The EB came 20 years before the invention and use of pneumatic rubber tractor tyres and so the wheels were made from steel. The rear wheels on the EB have steel lugs, in the form of low-level square section rods, welded to the surface to provide greater traction on softer ground.
During the early 1920s, Australia led the way in the development of steel lugs for agricultural purposes. For a while, Australian company Ronaldson Tippet was set to become the country’s largest tractor manufacturer with commissions to alter the wheels for several American tractor manufacturers. However, the invention of the rubber tractor tyre very soon surpassed the need for steel lugs.
Redesigning wheels for Mars
So why, with so many innovative improvements and advances in rubber technology, did NASA choose to develop metal tyres for a vehicle destined to explore the surface of Mars?
Perhaps the simplest answer is that the rover mission to Mars has cost well over $1 billion USD and tractor tyres, regardless of quality, are not puncture proof. A puncture on Mars could end the mission.

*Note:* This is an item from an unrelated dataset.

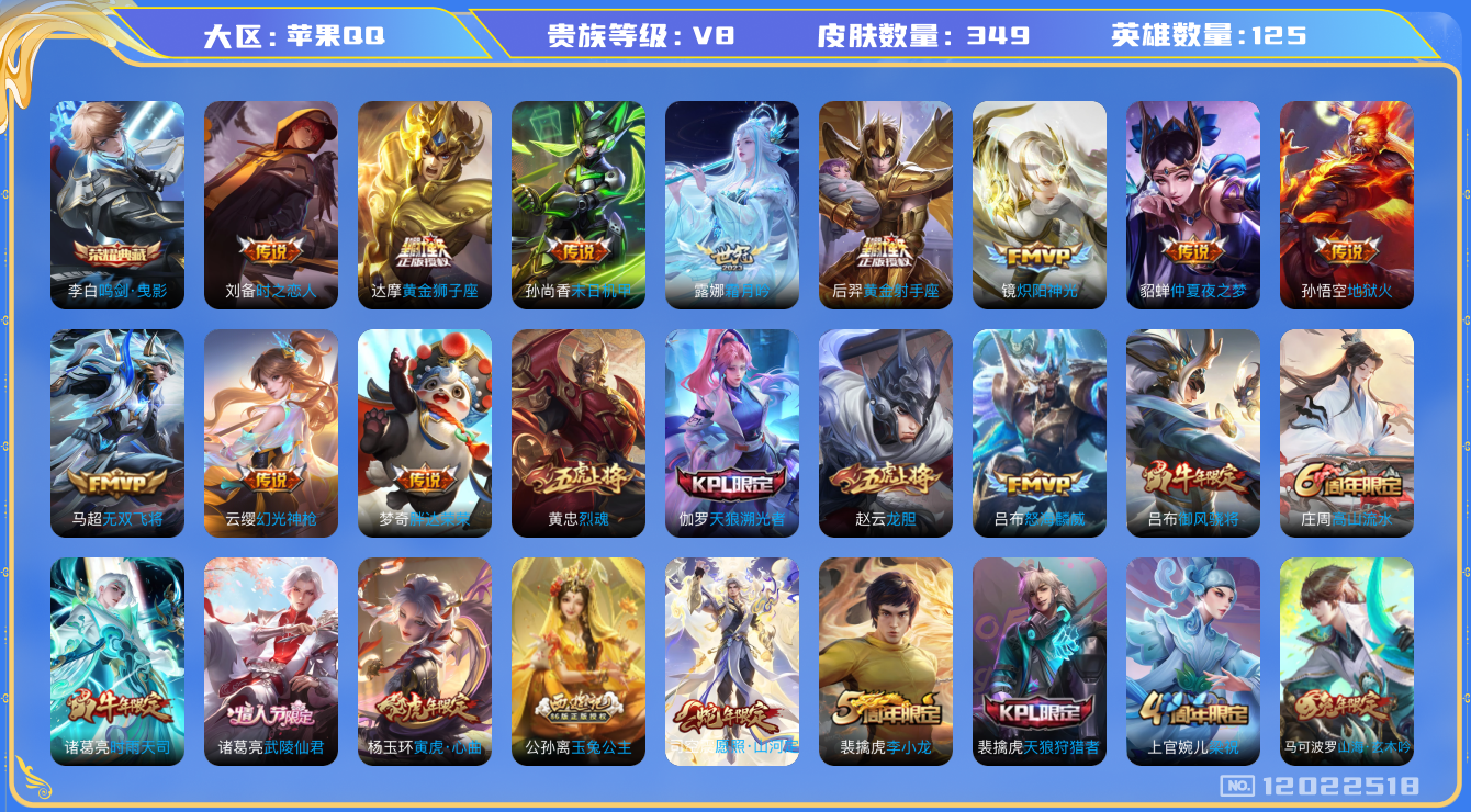 [12022518]V8 1典藏 18传说 125英雄 349皮肤 可修改实名 优质装备:鸣剑·曳影,黄金狮子座,黄金射手座,炽阳神光,末日机甲-孙尚香(绿蚂蚱),地狱火,仲夏夜之梦(大飞蛾),胖达荣荣,时之恋人-刘备(电焊工),无双飞将,霜月吟,涂山容容 传说皮:幻光神枪 珍宝阁皮:妄想食味,胡桃夹子,女武神 限定皮:愿照·九州拓(澜年限),愿照·山河定(司空震年限),至尊宝,白虎志(电光耗子),武陵仙君(小桃花),白晶晶,时雨天司(水龙头),神威(电光马子),山海·碧波行(瑶年限),高山流水,怒海麟威,五谷丰年,梁祝,御风骁将(吕布年限),天狼狩猎者,龙胆,烈魂,天狼溯光者,李小龙,逐梦之影,朱雀志(守约年限),大圣娶亲,寅虎·心曲(虎婆),玉兔公主,山海·玄木吟(马可年限) 史诗皮:器灵·浮梦炉,星界战将,龙之律动,石田雨龙,百相守梦-周瑜,怒海争锋,蔬乡物语(鲁班七号),百相守梦-百里守约,百相守梦-黄忠,紫霞仙子,苍穹之光,白龙吟,特工魅影,千年之狐,永昼,江河有灵,魅语,百解令(蒙犽),高渐离燃音魔法,蒙恬荣光圣徽,匿光破解者,冰冠公主,偶像歌手,晚萤,电玩·爆裂旋风,猫狗日记-孙策,乱世虎臣,节奏热浪,修罗,女仆咖啡,摇滚巨星,水果甜心,天才门将,星夜王子,心灵骇客,功夫厨神,德古拉伯爵,暗隐猎兽者,幽灵船长,鬼剑武藏,地狱岩魂,纤云弄巧,繁星吟游(呼啦呼啦),拒霜思,缤纷独角兽,乘风破浪,逐浪之夏,水晶猎龙者,曙光守护者,箭羽风息,金属风暴,原初追逐者,圣诞狂欢,圣诞恋歌,鹰眼统帅,魅力维加斯,黎明之约,赏金猎手,未来纪元-赵云

In the 1960s, NASA began to develop its own tyre technology for the first manned mission to the moon in 1972. The vehicle used large flexible wire mesh wheels with stiff inner frames to prevent over deflection and, just like the wheels on the EB tractor, thin tread strips were used to enhance traction in soft lunar soil.
This is where the similarities between early tractor wheels and Mars landing vehicles end.
The technology, type of metal and engineering principles adopted for the wheels on the EB are very different to those adopted by NASA for their rover vehicle.
Today, tyres designed for space exploration are made from nitinol, a nickel and titanium alloy with extraordinary ‘super elastic’ (which has the ability to deform) and ‘shape memory’ capabilities (that is, the ability to return to its resting state without being damaged).
These tyres are impervious to punctures, do not require maintenance, are lightweight and designed to perform in the most extreme environments.
Back to Earth
The SMART (Shape Memory Alloy Radial Technology) Tire Company was formed to commercialise this new category of airless tyre for use on Earth and for exploration on the moon and Mars.
The company has developed tyres for automotive, cycling, agriculture, trucking and aerospace applications while also creating the ultimate lunar tyre designed to carry multiple astronauts and heavy cargo across the south pole of the moon.
Perhaps one day, rubber tyres will be superseded by metal tyres. I wonder what Alfred and Ernest McDonald would make of that?